The employee's name is redacted from the depositions delivered in June 2004 to the Arizona headquarters of the 309th Military Intelligence Battalion. Those depositions and the other documents were among previously classified materials used by Gen. Paul Kern, Maj. Gen. George Fay and Lt. Gen. Anthony Jones to prepare an official Pentagon report on the Abu Ghraib scandal last summer.

Detainee charges of Quran desecration have aroused fresh controversy since Newsweek magazine published a news item about a Quran that was allegedly flushed down a toilet in order to demoralize Muslim prisoners at Guantánamo. Spokesmen for the White House and the Defense Department blamed subsequent lethal rioting by Afghan Muslims on the Newsweek report and indignantly denied that any such incidents had occurred.

Amid charges of fabrication and even treason spewed by furious right-wing pundits and bloggers, Newsweek humbly retracted its story. The magazine's embarrassment became a propaganda triumph for the White House and Pentagon, which, at least temporarily, successfully transformed concern over prisoner abuse and lack of official accountability into a debate about press standards.

Yet now the newly released documents again raise the issue of brutal and illegal tactics used against Muslim detainees -- particularly desecration of the Quran and other forms of religious pressure that violate the Geneva Conventions and U.S. law. As first reported by the Washington Post, the documents include numerous allegations of mistreatment of copies of the Muslim holy book -- including one detainee's statement to FBI agents that guards at Guantánamo had "flushed a Koran in a toilet."

Army and Defense Department officials have sought to cast doubt on the detainee allegations, suggesting that former prisoners want to stoke resentment by spreading "unsubstantiated" stories of desecration and abuse. Dismissing a reporter's question about "possible similar desecrations" of a Quran, Pentagon spokesman Lawrence Di Rita last week replied that "there haven't been credible allegations to that effect."

The Pentagon's denials in the face of dozens of detainee allegations underscore the significance of the civilian employee's sworn statements. Although limited in scope, those statements represent the first independent confirmation of Quran desecration by someone other than a detainee or former prisoner.

The first statement from the civilian employee, dated June 10, 2004, included testimony about working at Abu Ghraib in October 2003 as a member of a small "Mobile Training Team" from Fort Huachuca, Ariz. The team's mission at the Iraqi prison was to "provide an overall assessment of interrogation operations, training, and advice and assistance." The civilian employee noted that the Intelligence Rules of Engagement -- Army regulations setting forth permissible interrogation methods -- "was posted and was very similar to the IROE used in Afghanistan."

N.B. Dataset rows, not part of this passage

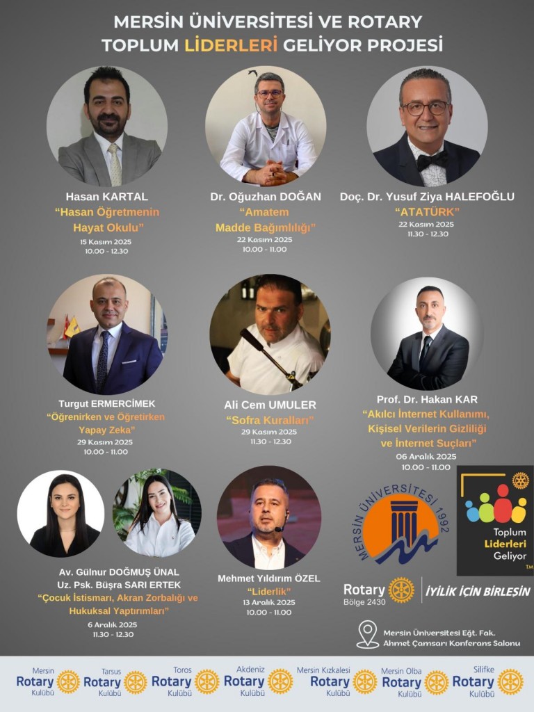 Mersin Rotary Kulüpleri tarafından yürütülen ve Fakültemizin iş birliğiyle gerçekleştirilen “Toplum Liderleri Geliyor” projesi başarıyla tamamlandı. Proje kapsamında, farklı alanlarda deneyim sahibi toplum liderleri fakültemiz öğrencileriyle bir araya gelerek bilgi ve tecrübelerini paylaştı.
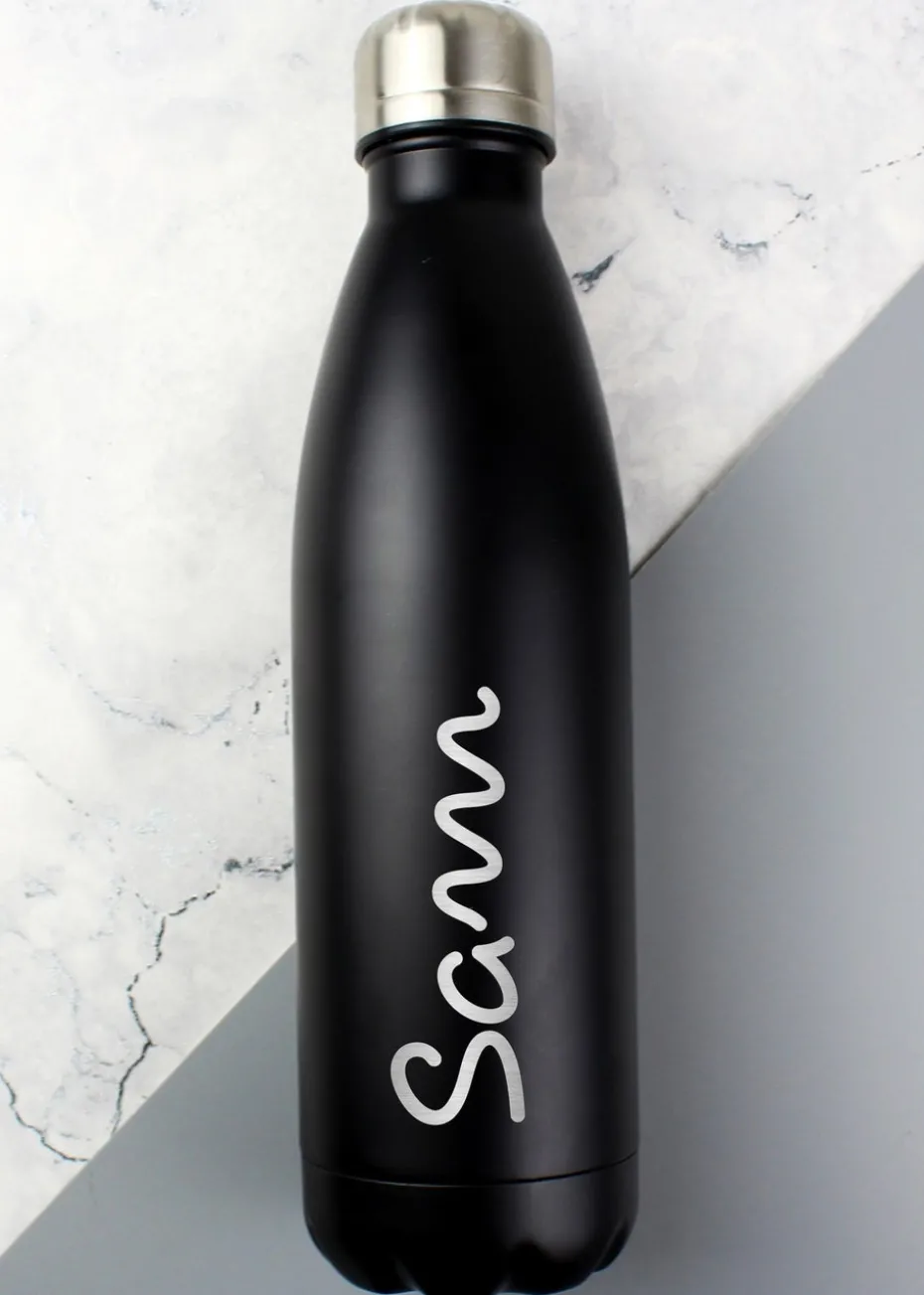 Personalised Memento Company Black Name Only Metal Insulated Drinks Bottle
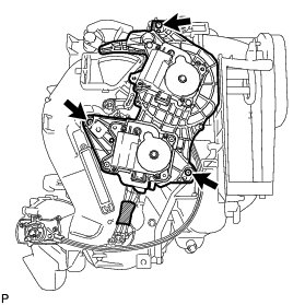 (q) Fully install the top screw, and then install the No. 1 air conditioning radiator damper servo sub-assembly with the 2 remaining screws.
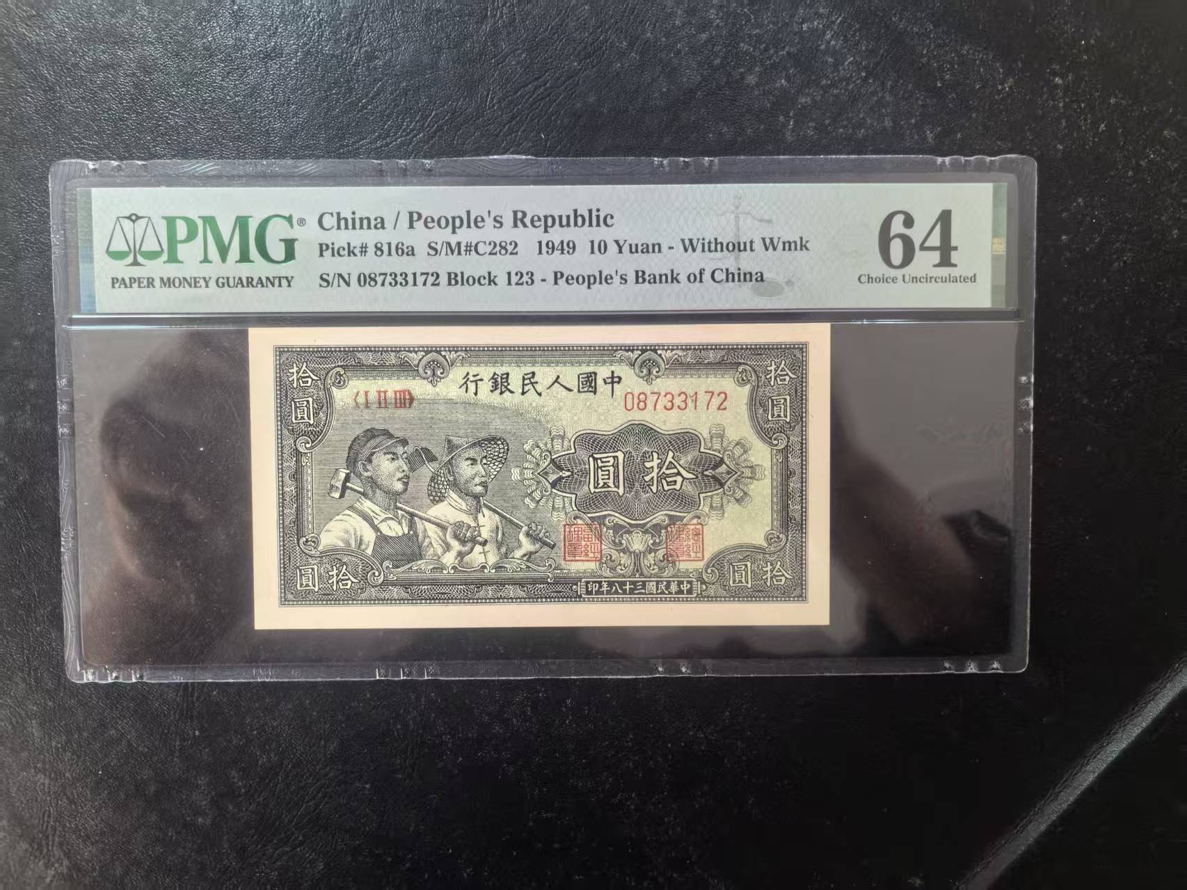 一版工农全新直版原票,美评PMG64主流分无4,票面干净平整,边角自然,售价2850包顺丰
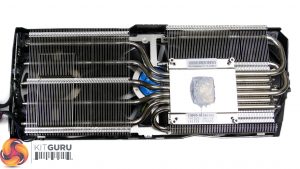 I am very pleased to see that ASUS has finally ditched the inefficient heatpipe direct touch design and has instead utilised a contact plate on top of the GPU. This is smart because the previous design meant that outer heatpipes on a five-pipe design were barely touching the GPU core. With this new ‘MaxContact‘ copper plate, thermal energy can be removed from the GPU before being released in a controllable manner to the six heatpipes. ASUS suggests that its precision machining step reduces surface roughness of the copper plate, allowing it to make better contact with the GPU core.
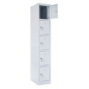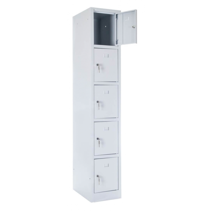 Pięciodrzwiowa szafa ubraniowa SZ-0015/4-5D typu L o wymiarach 1800x400x490, w standardzie zamykana zamkiem ryglowym blokującym drzwi w 1 pkt. Grubość blachy wykorzystanej do produkcji wynosi korpus od 0.6 mm do 0.8 mm, drzwi 0.8 mm standardowo wzmocnione profilem metalowym. Szafa wyposażona jest w wizytownik, wentylacje w górnej i dolnej części drzwi oraz drążek z dwoma haczykami. Standardowo malowana farbą proszkową na kolor RAL 7035 posiadającą atest higieniczny. Możliwość indywidualnej konfiguracji komory, np. dodatkowe półki, metalowy haczyk, zamykanie 3 pkt., stopki poziomujące, daszek, lusterko, nóżki 15 cm lub inne indywidualne rozwiązania. Opcjonalnie szafa może być ustawiona na podstawie z ławką stałą lub wysuwaną.
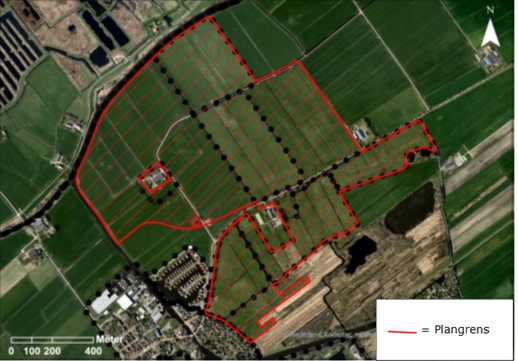 Binnen het plangebied van 120 hectare, zoals weergegeven in figuur 1, wordt gezocht naar de juiste plek om de opgave te realiseren. Het gaat hierbij om het inrichten van 74 hectare moerasgebied. De bestemming van deze 74 hectare wordt met het projectbesluit omgezet van agrarisch naar natuur.

While much of the June 10 statement is general and somewhat vague, the civilian employee specifically recalled an informal conversation with an Abu Ghraib interrogator about how to question detainees more aggressively:

"I gave him examples of approaches including Pride and Ego Down where an interrogator took a Koran, threw it on the floor and stepped on it ... I also explained sleep deprivation. I told him that in Afghanistan the interrogators could use an adjusted sleep schedule for detainees. The conversation was meant to explain why these activities were prohibited or restricted ... During my time at [Abu Ghraib], I did not witness any abuse or maltreatment of detainees."